What you should do: Filter the entries, keeping every line with the word "движения".
(Task data)
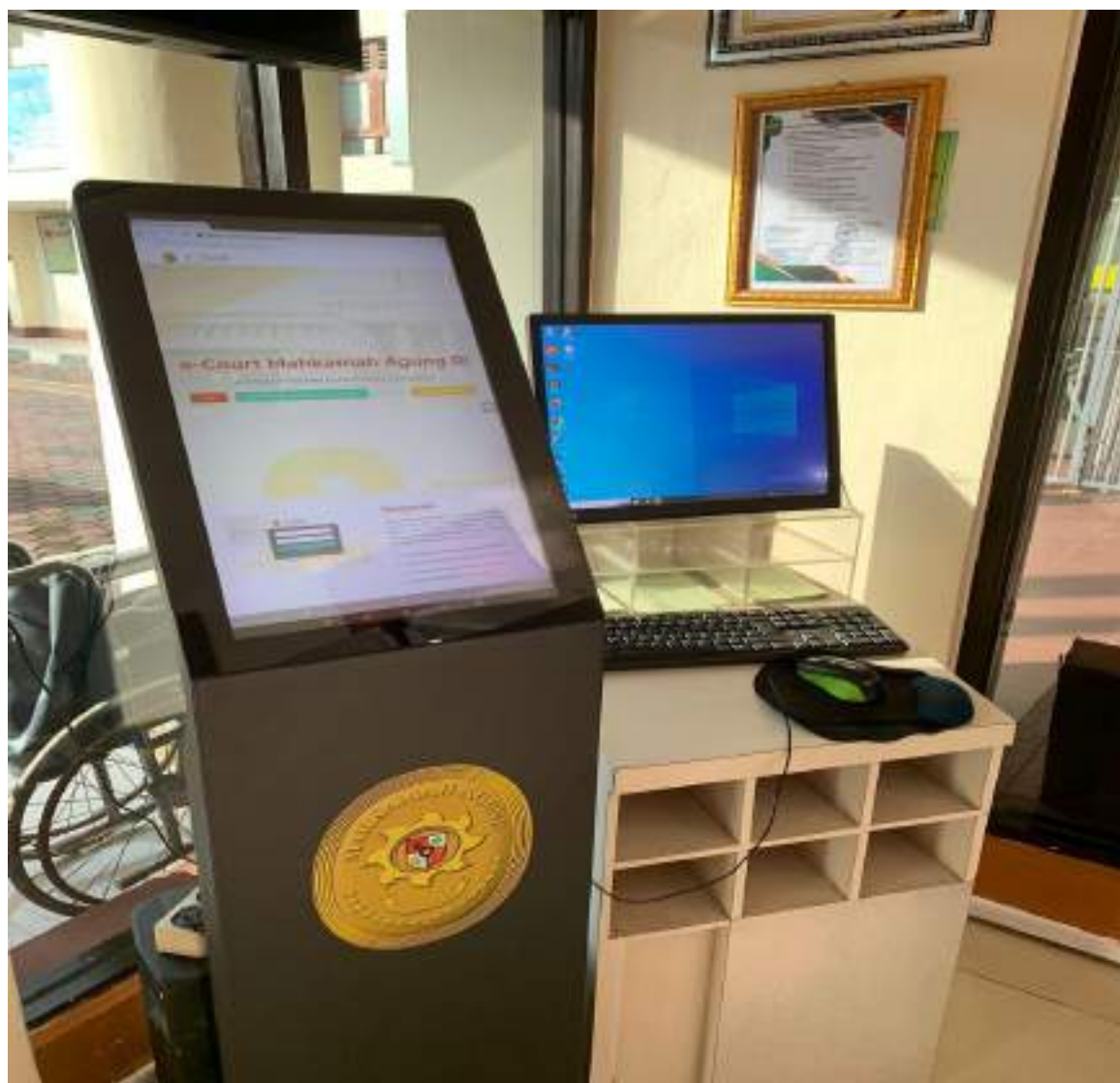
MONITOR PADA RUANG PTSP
(End Task data)
(Task data)
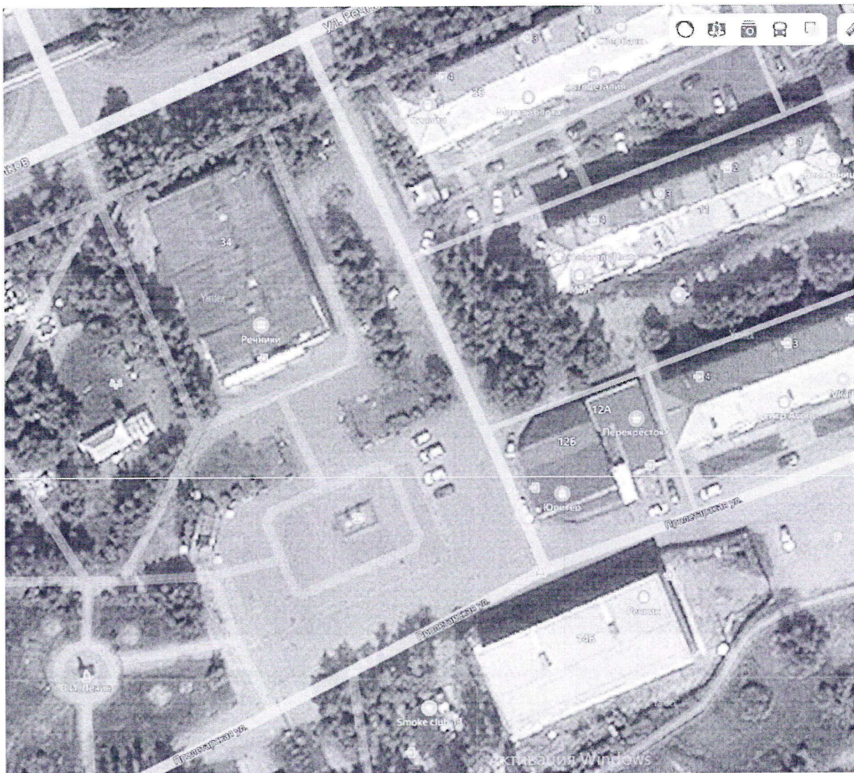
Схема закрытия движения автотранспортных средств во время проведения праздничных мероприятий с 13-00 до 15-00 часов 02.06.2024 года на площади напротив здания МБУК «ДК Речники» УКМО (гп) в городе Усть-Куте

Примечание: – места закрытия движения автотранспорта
(End Task data)
Answer to this problem:
Схема закрытия движения автотранспортных средств во время проведения праздничных мероприятий с 13-00 до 15-00 часов 02.06.2024 года на площади напротив здания МБУК «ДК Речники» УКМО (гп) в городе Усть-Куте
Примечание: – места закрытия движения автотранспорта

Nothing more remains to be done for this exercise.